**WHAT YOU NEED TO DO**.
Print every line of the listing below, starting with the line that holds "Chlapčenské gumáky modrej" and going on through the line that holds "Turn of the", both included, and print nothing else.

**DATASET RECORDS**.
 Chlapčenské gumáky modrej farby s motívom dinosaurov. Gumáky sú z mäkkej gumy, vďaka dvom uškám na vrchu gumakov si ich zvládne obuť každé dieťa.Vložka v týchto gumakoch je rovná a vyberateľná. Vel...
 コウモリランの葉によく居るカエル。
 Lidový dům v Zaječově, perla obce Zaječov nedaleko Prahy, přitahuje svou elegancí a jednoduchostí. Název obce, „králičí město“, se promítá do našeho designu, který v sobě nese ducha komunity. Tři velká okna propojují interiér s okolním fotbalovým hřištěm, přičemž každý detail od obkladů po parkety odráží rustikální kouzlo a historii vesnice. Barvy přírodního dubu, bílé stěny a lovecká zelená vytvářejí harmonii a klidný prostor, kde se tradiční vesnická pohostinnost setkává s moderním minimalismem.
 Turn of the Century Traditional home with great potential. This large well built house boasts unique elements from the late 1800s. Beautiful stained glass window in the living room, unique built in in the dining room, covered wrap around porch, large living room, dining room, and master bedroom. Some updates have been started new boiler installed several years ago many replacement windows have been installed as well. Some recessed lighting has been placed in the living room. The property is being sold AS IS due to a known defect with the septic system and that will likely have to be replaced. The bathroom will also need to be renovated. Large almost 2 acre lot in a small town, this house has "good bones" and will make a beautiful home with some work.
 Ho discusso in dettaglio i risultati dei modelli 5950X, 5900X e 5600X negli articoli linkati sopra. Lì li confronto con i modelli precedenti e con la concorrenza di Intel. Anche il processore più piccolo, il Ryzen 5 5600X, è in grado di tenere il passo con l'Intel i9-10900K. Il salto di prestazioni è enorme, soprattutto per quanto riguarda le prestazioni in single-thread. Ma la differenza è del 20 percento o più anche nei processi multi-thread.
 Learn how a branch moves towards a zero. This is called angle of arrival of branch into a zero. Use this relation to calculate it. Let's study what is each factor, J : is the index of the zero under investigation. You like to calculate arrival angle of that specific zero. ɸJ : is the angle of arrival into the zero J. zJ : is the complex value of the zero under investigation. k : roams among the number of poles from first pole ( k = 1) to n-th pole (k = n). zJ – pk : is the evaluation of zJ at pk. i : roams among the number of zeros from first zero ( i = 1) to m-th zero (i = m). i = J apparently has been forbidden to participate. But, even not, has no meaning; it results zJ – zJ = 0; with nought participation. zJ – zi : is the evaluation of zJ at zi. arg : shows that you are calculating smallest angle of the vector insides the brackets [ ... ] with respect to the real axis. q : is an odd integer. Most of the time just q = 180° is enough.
---
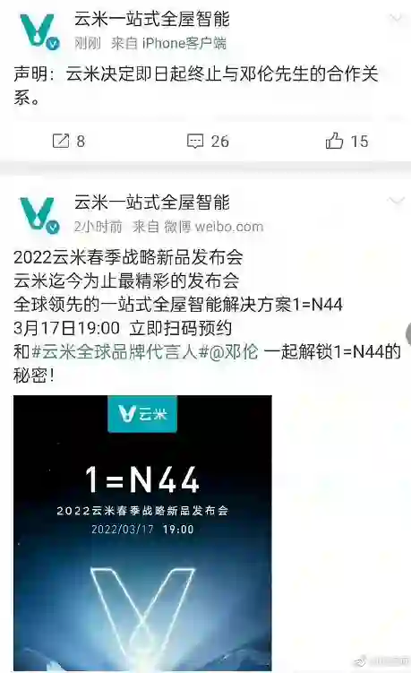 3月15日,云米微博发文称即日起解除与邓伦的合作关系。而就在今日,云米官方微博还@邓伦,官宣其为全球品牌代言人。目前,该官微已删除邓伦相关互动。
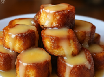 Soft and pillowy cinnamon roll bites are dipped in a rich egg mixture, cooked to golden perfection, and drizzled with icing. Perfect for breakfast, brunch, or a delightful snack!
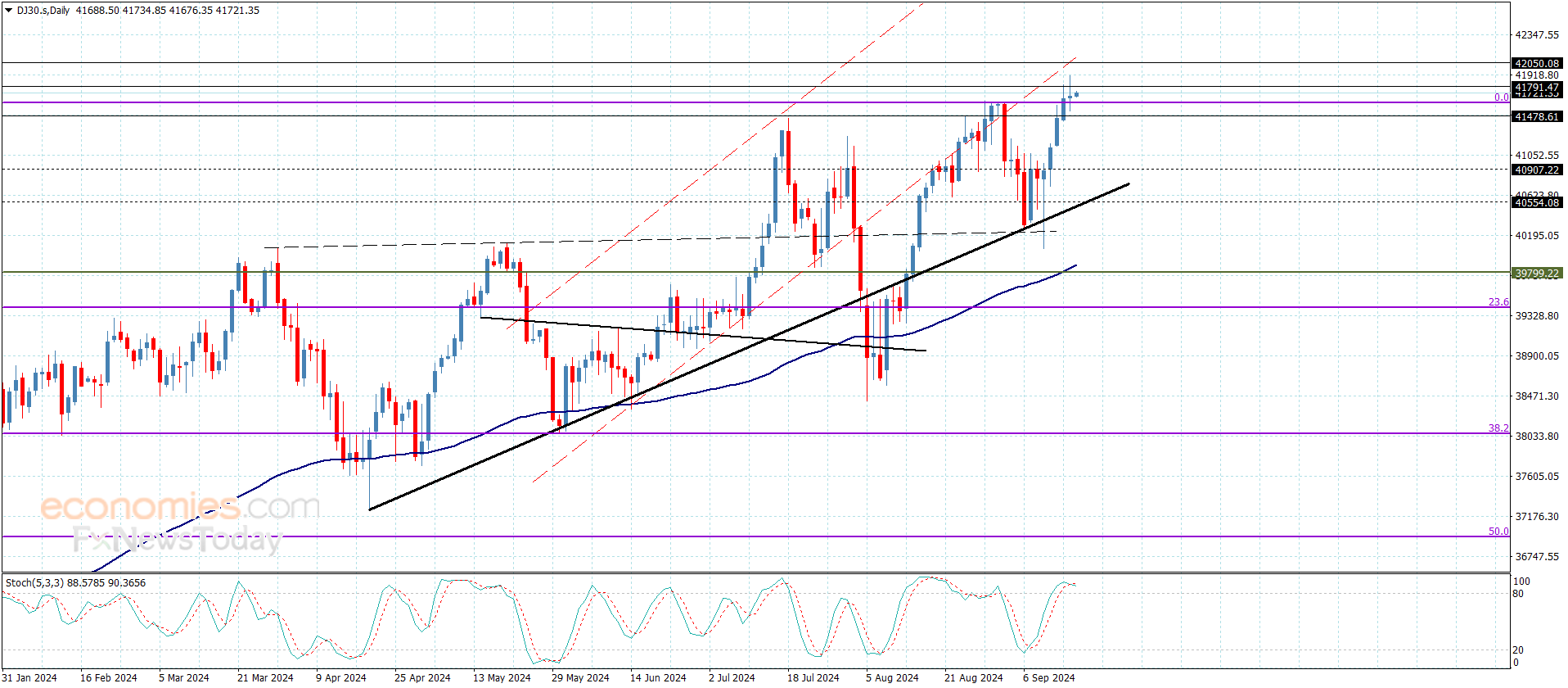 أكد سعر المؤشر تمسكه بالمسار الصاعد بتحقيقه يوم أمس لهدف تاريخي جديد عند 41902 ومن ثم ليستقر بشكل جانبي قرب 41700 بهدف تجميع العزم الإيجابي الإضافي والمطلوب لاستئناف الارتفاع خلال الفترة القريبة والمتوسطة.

**EXERCISE ANSWER**.
 Chlapčenské gumáky modrej farby s motívom dinosaurov. Gumáky sú z mäkkej gumy, vďaka dvom uškám na vrchu gumakov si ich zvládne obuť každé dieťa.Vložka v týchto gumakoch je rovná a vyberateľná. Vel...
 コウモリランの葉によく居るカエル。
 Lidový dům v Zaječově, perla obce Zaječov nedaleko Prahy, přitahuje svou elegancí a jednoduchostí. Název obce, „králičí město“, se promítá do našeho designu, který v sobě nese ducha komunity. Tři velká okna propojují interiér s okolním fotbalovým hřištěm, přičemž každý detail od obkladů po parkety odráží rustikální kouzlo a historii vesnice. Barvy přírodního dubu, bílé stěny a lovecká zelená vytvářejí harmonii a klidný prostor, kde se tradiční vesnická pohostinnost setkává s moderním minimalismem.
 Turn of the Century Traditional home with great potential. This large well built house boasts unique elements from the late 1800s. Beautiful stained glass window in the living room, unique built in in the dining room, covered wrap around porch, large living room, dining room, and master bedroom. Some updates have been started new boiler installed several years ago many replacement windows have been installed as well. Some recessed lighting has been placed in the living room. The property is being sold AS IS due to a known defect with the septic system and that will likely have to be replaced. The bathroom will also need to be renovated. Large almost 2 acre lot in a small town, this house has "good bones" and will make a beautiful home with some work.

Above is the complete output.